Almost every week at HU is blessed with at least one major event which you can take the time out to attend and come out feeling relatively invigorated. We do not do things halfway here, so there is something for everyone and it is always at a scale where you do not feel embarrassed or awkward going in. Below are some of my favorite events at University which I know I can rely upon to help take the weight off my shoulders:
- Movie days conducted by clubs, where they find a time slot when the majority of the student body is free and put on something everyone can watch. What is more relaxing after a loaded week of deadlines than sitting in the Multi-Purpose Room, with the air-con on and lights off, crashed on a beanbag watching a lighthearted movie?
- Destress Fest by the Wellness Center near the finals week: During the two semesters I have been here, I cannot recommend anything more than the Destress Fest…for me, it is the highlight of the semester! Faheem Khan & the Wellness Peers go all out to transform the Wellness Courtyard into a magical stress-free zone where one can paint, let out their frustration at Play-Doh, watch their peers play ‘Kings’, and stuff delicious samosas upon samosas into their mouths. The background music is an added bonus!
- Eventos, the student group, plans Halloween Parties, Gol Gappay Competitions, Thumb Wars, and so on…What more do you need to take your mind off work for an hour?
- Engaging Public Lectures by HU’s Academic Centers (IDRAC, CMD, Arzu, and the SSE Public Lecture Series): There is something so calm and soothing about sitting in the Tariq Rafi Lecture Theater after classes are done for the day, listening to an expert talk about a subject matter with so much passion it sends chills down your spine. A quiet falls on the campus during these events, where you feel like you have been transported into a space where nothing else matters but appreciation of the human race, or sometimes the sheer magnitude of their ignorance. It is not always about learning; some things should just be experienced.
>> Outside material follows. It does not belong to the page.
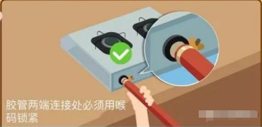 請使用專用燃?xì)饽z管,長度不超過2米、使用時(shí)間不得超過兩年、無老化破損的情況。膠管與氣瓶減壓閥、灶具、熱水器的接口處必須加裝管箍鎖緊,防止因膠管松動(dòng)出現(xiàn)煤氣泄漏。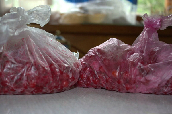 Pour la congélation, les baies sont généralement soigneusement coupées ou les tiges sont laissées, lavées (tout le monde ne le considère pas nécessaire), séchées, placées au congélateur, en remuant de temps en temps pour que les baies ne gèlent pas ensemble. Après la congélation, lorsqu'ils sont devenus durs et raides au toucher, ils sont placés dans un récipient pratique - des sacs ou des récipients, bien fermés et laissés au congélateur.

When it comes to taking time out to socialize with friends, there are so many spaces at HU where you can feel at home and discuss the usual gossip with your compadres, or huddle with them to plan out the next excursion. Whether it is just a solid hour of laughter, ordering pizza, or venting out everything you have had stored inside for months, nothing is as therapeutic as friends. So when I say it is important to take out time for your friends, I mean it sincerely.
But at the same time, we should not ignore the need to definitely give time to ourselves as well, when we do not feel like interacting with anyone and just staring into space. It is so hard to get your brain to quiet down even for a minute these days, we should really cherish those moments where we zone out and think about nothing. It is not necessary to always be in the company of other people to feel refreshed, sometimes just taking out an hour or two to be with yourself can help you unwind more than having company could.
Student Life/social life is crucial to not burning out and becoming overwhelmed, breakdowns, zoning out in seminars, skipping classes to complete assignments… When there are just too many things happening simultaneously, it is better to take a step back and reflect at your reasons for pursuing higher education, your dreams, hopes and goals, and realizing that to achieve what we are striving so hard for would come a lot easier if we were kinder to ourselves now, instead of later.